# Euro NCAP crash test



## MelindaV (Apr 2, 2016)

the Model 3 results from the Euro NCAP crash tests are summarized on Teslarati
https://www.teslarati.com/tesla-model-3-5-star-rating-euro-ncap-safety-ratings










And the downloadable PDF

a video (that was include in the Teslarati writeup) from WhatCar





one oddity I noticed, is it does not list the knee airbags. are those not included on the euro Model 3s like the North American version? or an error on their chart?









the graphic from the NA manual


----------



## Frully (Aug 30, 2018)

Perhaps they've found in time that there is so little cabin incursion of the dash to the driver area that the knee wasn't necessary. Hard to say for sure until they come out and say it.

Edit clarify: If a cabin incursion is bad enough to bend the firewall/A pillar, there probably isn't much a knee airbag would do.


----------



## MelindaV (Apr 2, 2016)

Frully said:


> Perhaps they've found in time that there is so little cabin incursion of the dash to the driver area that the knee wasn't necessary. Hard to say for sure until they come out and say it.
> 
> Edit clarify: If a cabin incursion is bad enough to bend the firewall/A pillar, there probably isn't much a knee airbag would do.
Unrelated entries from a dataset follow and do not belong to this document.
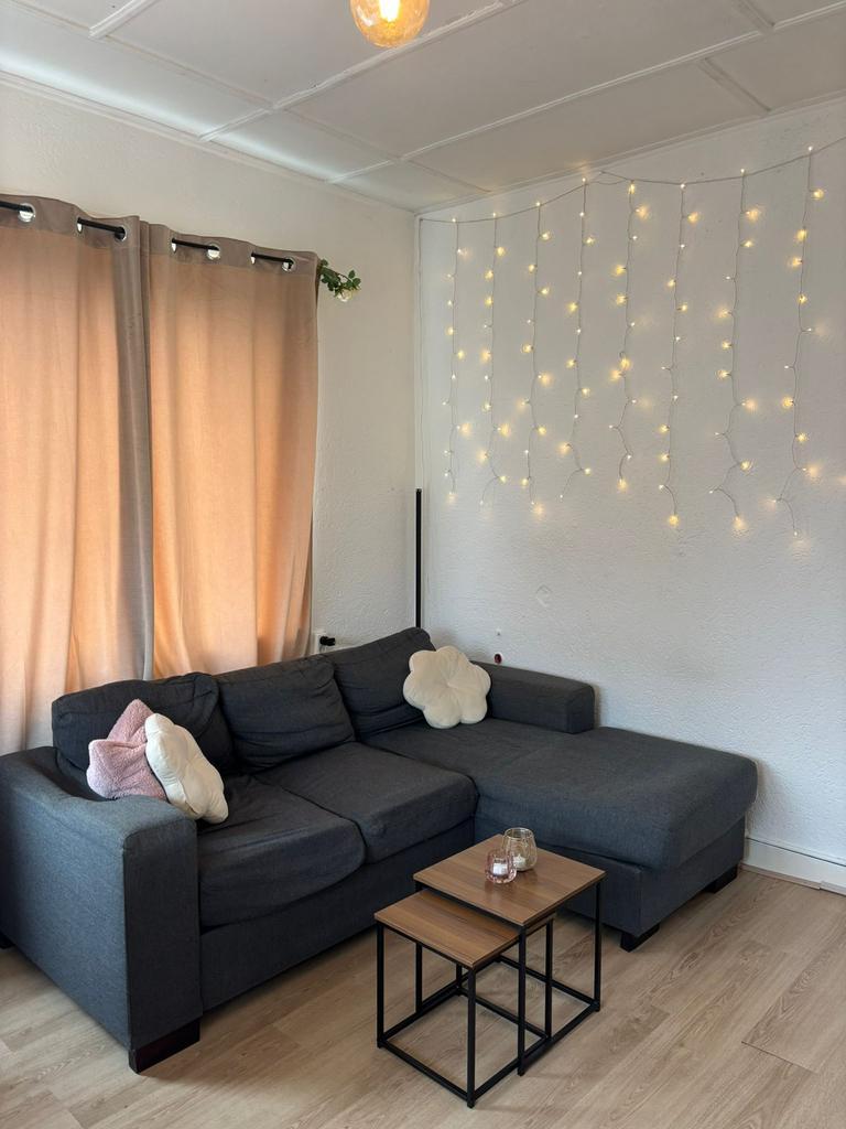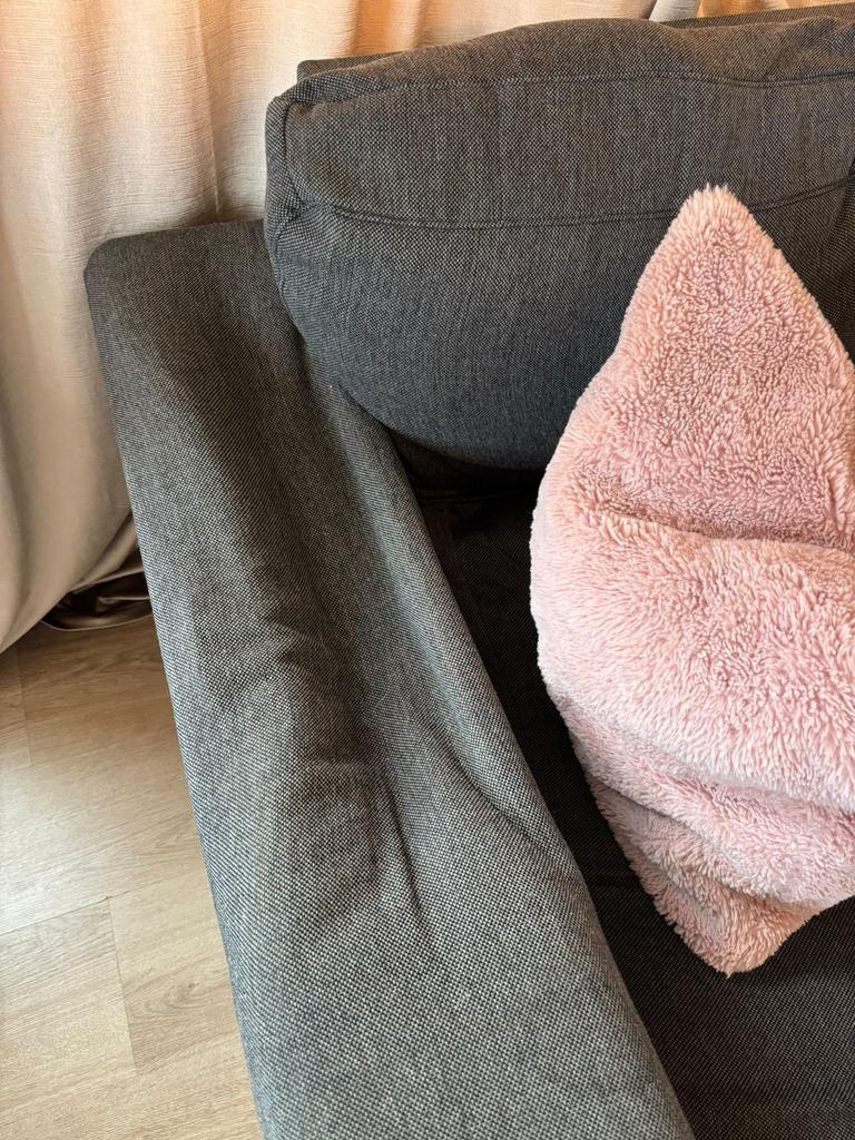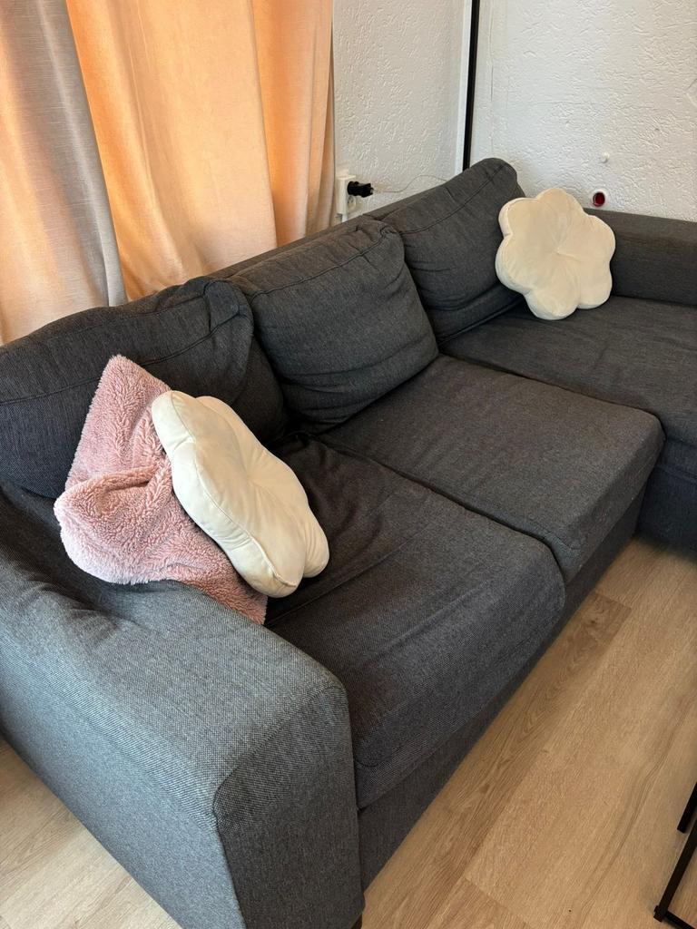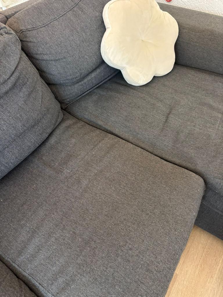 Een grijze hoekbank met de afmetingen 210x150. De armleuning is doorgezakt, zoals te zien is op de foto. Ook zijn de ritsen van de zitkussens los gegaan in de wasmachine. Mogelijk is dit nog wel te ma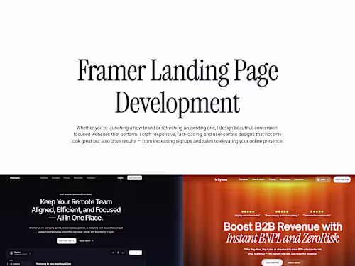 Full landing page development in Framer, based on your design or direction fully responsive and built for performance.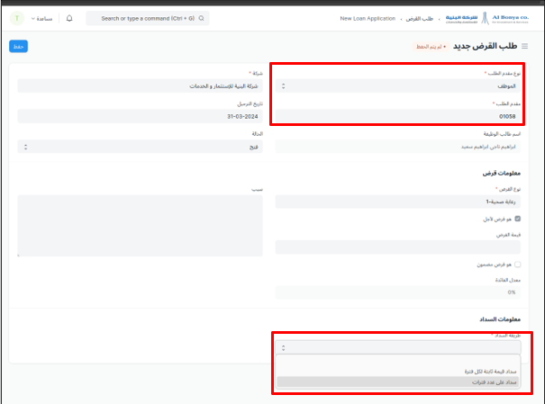 بمجرد الانتهاء من ذلك، يمكن للموظف التقدم بطلب للحصول على قرض. لتقديم طلب للحصول على قرض، قم بتعبئة نوع مقدم الطلب ومقدم الطلب ونوع القرض ومبلغ القرض وطريقة السداد.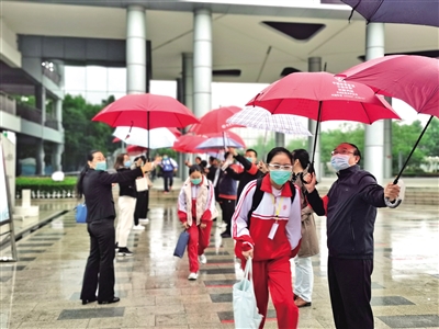 《中庸》有言:“唯天下至誠(chéng)為能化?!?020年5月7日,臨近放學(xué),氣溫驟降,下起了雨。此時(shí)正值居家隔離剛剛解封,學(xué)生們體質(zhì)普遍較差。當(dāng)時(shí),正在校門口值班的安波,迅速帶領(lǐng)值班教師在雨中排成兩排,撐起傘,將學(xué)校大廳和校門口的道路連接起來。許多路過的教師、家長(zhǎng)也紛紛加入到隊(duì)伍中來,傘挨傘,心連心,架起了一座“彩虹橋”。學(xué)生們?cè)趥阆掠行虺鲂#瑴嘏氐郎弦宦暵暋袄蠋?,辛苦了!?/P>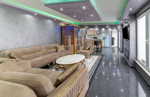 Layout: Ground floor: (hallway, Living room(double sofa bed, fireplace, decorative fireplace), dining room(dining table), Kitchen(electric kettle, cooker, espresso machine, oven, microwave, fridge-freezer), bathroom(shower, washbasin), fitness room(fitness equipment), Bubble bath) On the 1st floor: (bedroom(double bed), bedroom(double bed), bedroom(double bed), bathroom(massage shower, washbasin), Turkish steambath) infrared sauna, air conditioning, terrace, BBQ, BBQ, private indoor pool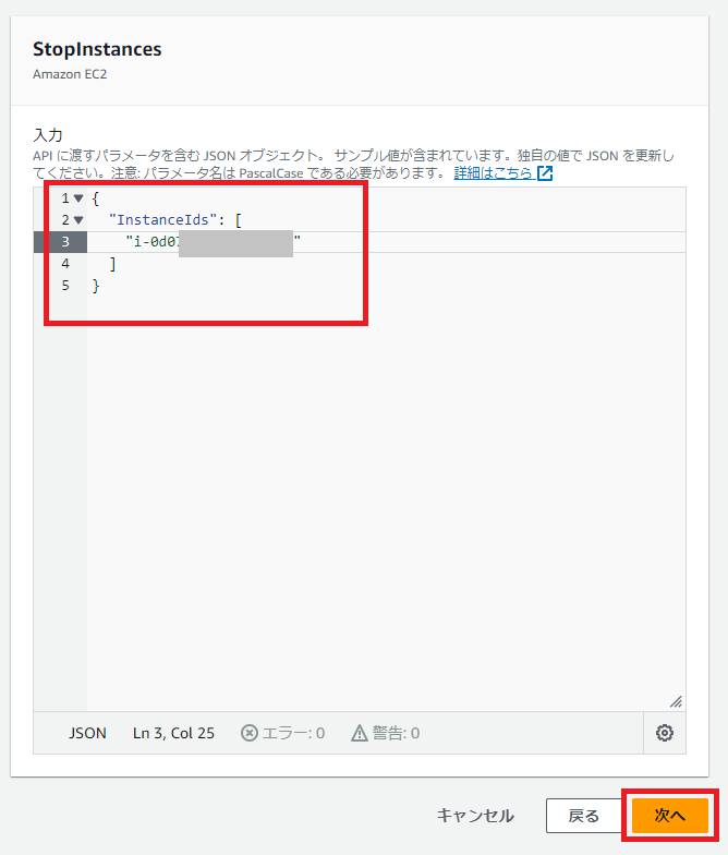 APIには対象のEC2がどれか?を指示する必要があるので、対象EC2のインスタンスIDを入力します。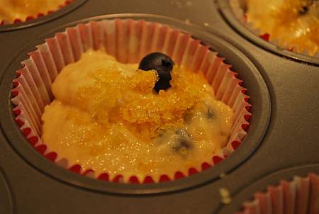 7. 將麵糊均勻填入瑪芬紙模中,灑上步驟2檸檬糖頂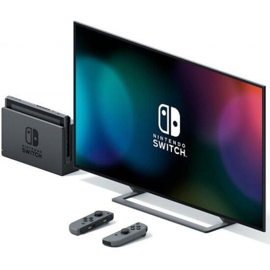 | Особенности | в комплекте: консоль, докнетстанция Nintendo Switch, контроллеры JoyнетCon (серый, неоновый синий или неоновый красный), ремешки JoyнетCon, держатель JoyнетCon, блок питания Nintendo Switch; подключение к ТВ; акселерометр, гироскоп, сенсор яркости; разъем USB type C |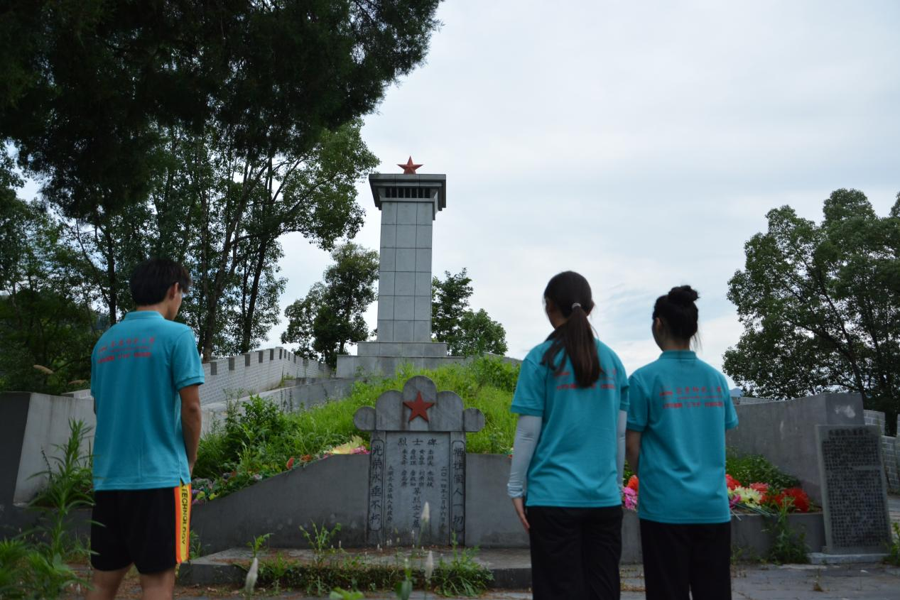 走过蜿蜒曲折的山路,跨过几节斑驳的台阶,一座刻着“人民英雄永垂不朽”的纪念碑跃然入眼,纪念碑旁的墓冢里,长眠着八位革命烈士。7月9日下午,sunbet申博,申博sunbet官网“舞动青春、志愿家乡”乡村振兴暑期社会实践团一行,在太湖县天华镇西冲村驻村第一书记张军、村部工作人员郭鹏的陪同下,来到天华镇马庙烈士墓,缅怀先烈、学习革命精神。

My understanding is the knee airbag is to protect you from knocking into the things In that area (steering column on driver side center console, glovebox on passenger side, exterior sides, etc), not deformations to the cabin area. So same as the front or side airbags, just knee level


----------



## Curt Renz (May 22, 2017)

carwow - today:

Safest car tested by Euro NCAP - Tesla Model 3 starts at 3:48 minute mark


----------



## Klaus-rf (Mar 6, 2019)

Impressive.


----------